Lloyd Brasileiro

Companhia de Navegação Lloyd Brasileiro
Company typeState-owned
FoundedFebruary 19, 1894; 130 years ago (1894-02-19)
FounderArthur Silveira da Motta
DefunctMarch 3, 1998; 26 years ago (1998-03-03)
FateDissolved
Headquarters,
Brazil
Area served
Worldwide
Key people
Américo Silveira (Chairman)[1]
ServicesContainer shipping
Freight distribution
Supply chain management

Companhia de Navegação Lloyd Brasileiro (English: Navigation Company Lloyd Brasileiro), usually just called Lloyd Brasileiro, Lóide or Lloydbrás, was a Brazilian shipping company founded on 19 February 1894.[1][2] It became the only major shipping company in South America, in particular by taking over German ships confiscated in 1917 by Brazil's entry into the First World War.[1] In 1931, Lloyd Brasileiro was among the 50 largest shipping companies in the world, owning 73 ships of 271,000 GRT combined.[1]

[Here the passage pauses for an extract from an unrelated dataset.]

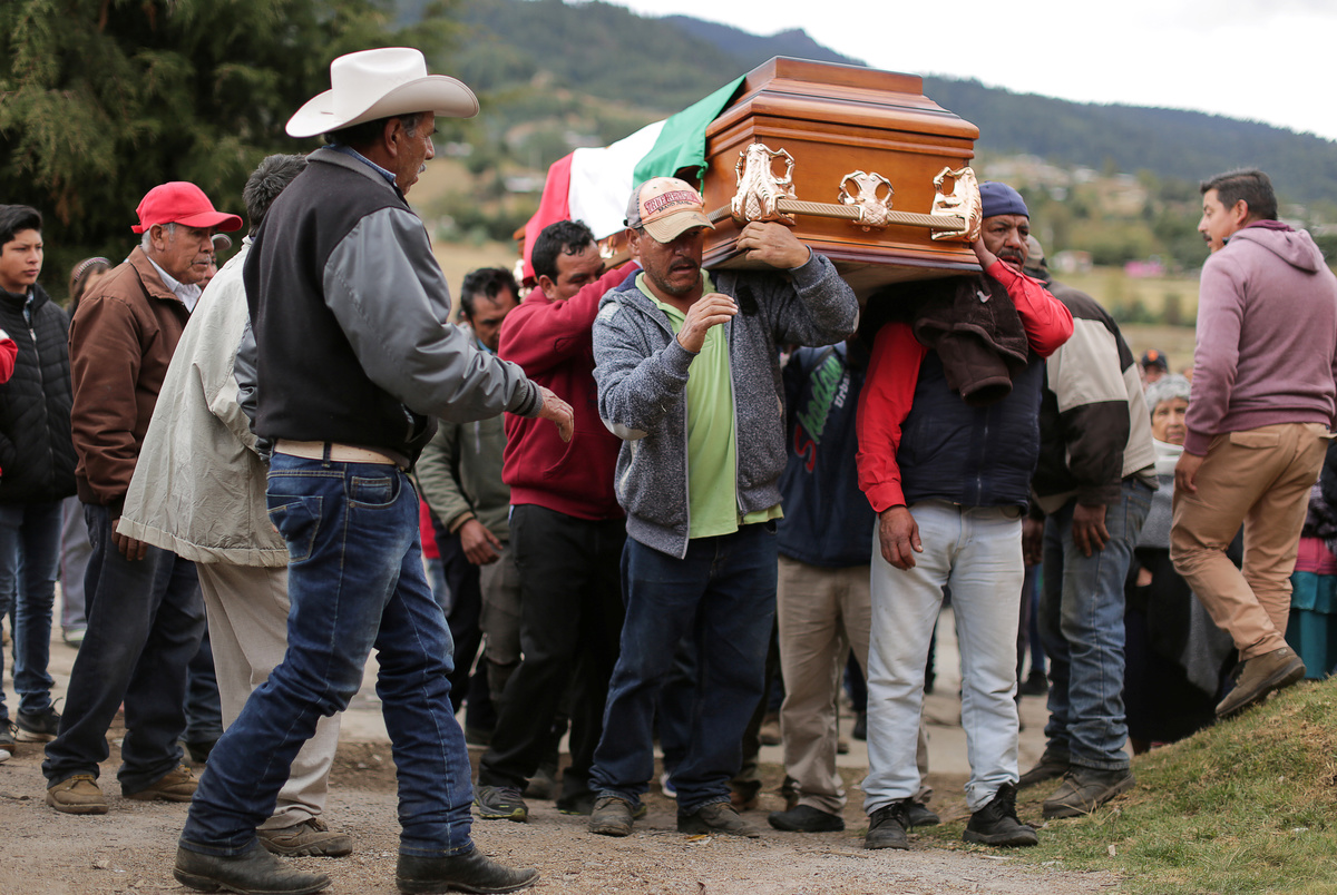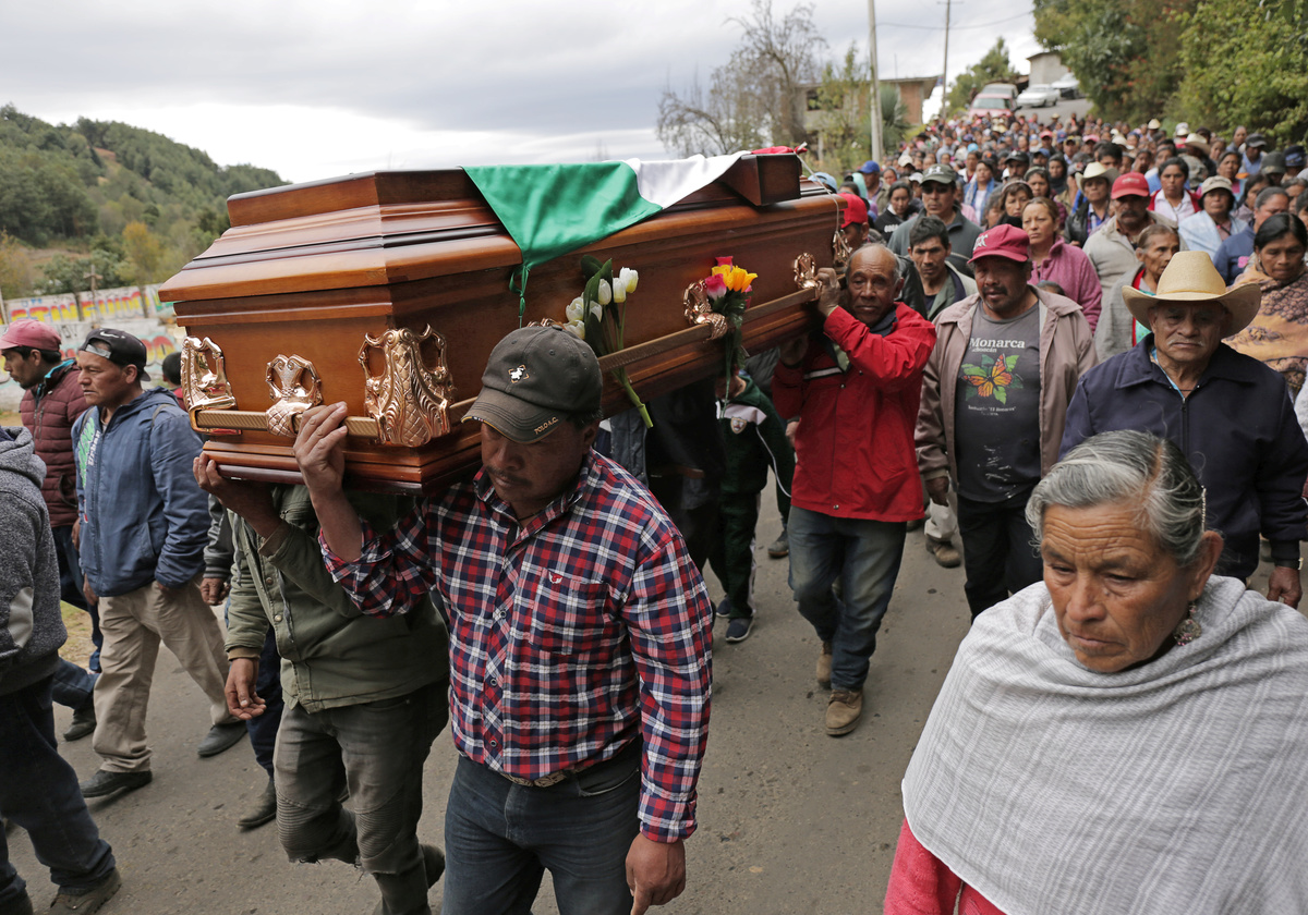 Relatives and friends carry the coffin of environmental activist Homero Gomez, who fought to protect the famed monarch butterfly and was found dead two weeks after he disappeared, during his funeral service in the western Mexican state of Michoacan, Mexico January 30, 2020. REUTERS/Alan OrtegaRelatives and friends carry the coffin of environmental activist Homero Gomez, who fought to protect the famed monarch butterfly and was found dead two weeks after he disappeared, during his funeral service in the western Mexican state of Michoacan, Mexico January 30, 2020. REUTERS/Alan OrtegaPeople walk behind the vehicle carrying the coffin of environmental activist Homero Gomez, who fought to protect the famed monarch butterfly and was found dead two weeks after he disappeared, during his funeral service in the western Mexican state of Michoacan, Mexico January 30, 2020. REUTERS/Alan Ortega

The company was dissolved in October 1997 during the government of president Fernando Henrique Cardoso.[3]

History

Minas Gerais in the 1920s as Affonso Penna
Aspirante Nascimento, formerly Venus of Hapag/Cruzeiro do Sul

With the independence of Brazil, the naval sector gradually restructured itself to cope with the growing demand for means of locomotion of cargo and passengers by river and sea.[2] Brazilian admiral Artur Silveira da Mota (1843–1914) attempted to establish a Brazilian overseas shipping company beginning in 1886. This was to operate two steamship lines to Europe (northern Europe to Hamburg and to the Mediterranean) and actively seek to support desirable immigration to Brazil. The ensuing unrest delayed the implementation of this plan. The company was founded in February 1894 with the federal government of Brazil as the main owner, and to this end the existing shipping companies Empreza Transatlântica Brasileira, Companhia Brasileira de Navegação a Vapor and the Companhia Nacional de Navegação a Vapor merged with the smaller shipping companies Companhia Progresso Marítimo, Companhia de Navegação da Estrada de Ferro Espírito Santo a Caravelas, to which were added in 1891 the three smaller shipping companies Companhia Bahiana de Navegação, Companhia Paraense de Navegação and the Companhia Brasileira de Estradas de Ferro e Navegação.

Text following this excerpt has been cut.